Коридор резко вильнул, и я вышел прямо к двери, ведущей во двор. Там дежурил все тот же одинокий боец, весьма удивившийся моему внезапному появлению. Впрочем, долго терзаться сомнениями ему не пришлось. Резко сократив разделяющее нас расстояние, я ударил его в подбородок снизу вверх, подхватил обмякшее тело, аккуратно прислонил его к стене и вышел из здания.
Моросил мерзкий дождь. Я улыбнулся — все как обычно!
Быстро пройдя двор насквозь, я толкнул резную решетку, она нехотя поддалась, выпустив меня на мощенную мостовую.
Питер!.. Нет, какой еще Питер — это будет позже, в совсем иной жизни.
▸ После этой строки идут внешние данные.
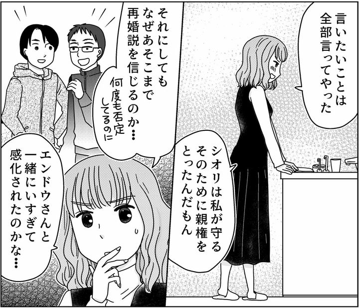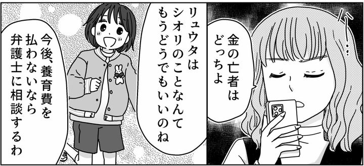 私がここまで話してもなお「本当は再婚して裕福になるんだろ。じゃ、やっぱり養育費の話をしようじゃないか」と、なぜか自信満々に言ってくるリュウタには呆れてしまいます。どうしてそこまでエンドウさんの話を信じてるのか……養育費はシオリの権利であり、リュウタの義務でもあるのです。勝手な思い込みでその義務が消えるわけがないのです。

Ленинград, здравствуй, я вернулся!
Глава 14
Я прекрасно понимал, что капитан госбезопасности скоро очнется и тут же устроит на меня масштабную облаву с привлечением всех возможных сил. Значит, нужно где-то укрыться на время, спрятаться и пересидеть. Вот только проблема — у меня в карманах было пусто, ни копейки. Так что за деньги я укрытие в городе не найду. Да и приютят ли меня местные, даже будь у меня карманы плотно набиты золотом? Сомневаюсь.
Так что же делать? Не шарахаться же от каждого встречного патруля, тем более, когда у милиции появится ориентировка с моими приметами. А в том, что безымянный капитан так этого дела не оставит, я совершенно не сомневался. Оскорбленная гордость и перенесенное унижение заставят его действовать решительно и стремительно. Еще бы, такой прокол, потерять главного свидетеля и подозреваемого, да еще столь позорно! Но главное — ему самому головы не сносить. Упустил, понимаешь, такого орла, пригнавшего целую немецкую субмарину, набитую пленниками на любой вкус. А он, вместо того, чтобы вежливо расспросить явно готового к сотрудничеству подозрительного типа, начал с агрессии, за что тут же и поплатился. Но вышестоящим будет плевать на все его доводы, главное капитан уже совершил — упустил меня. Поэтому он будет спешить. А кто торопится, делает ошибки…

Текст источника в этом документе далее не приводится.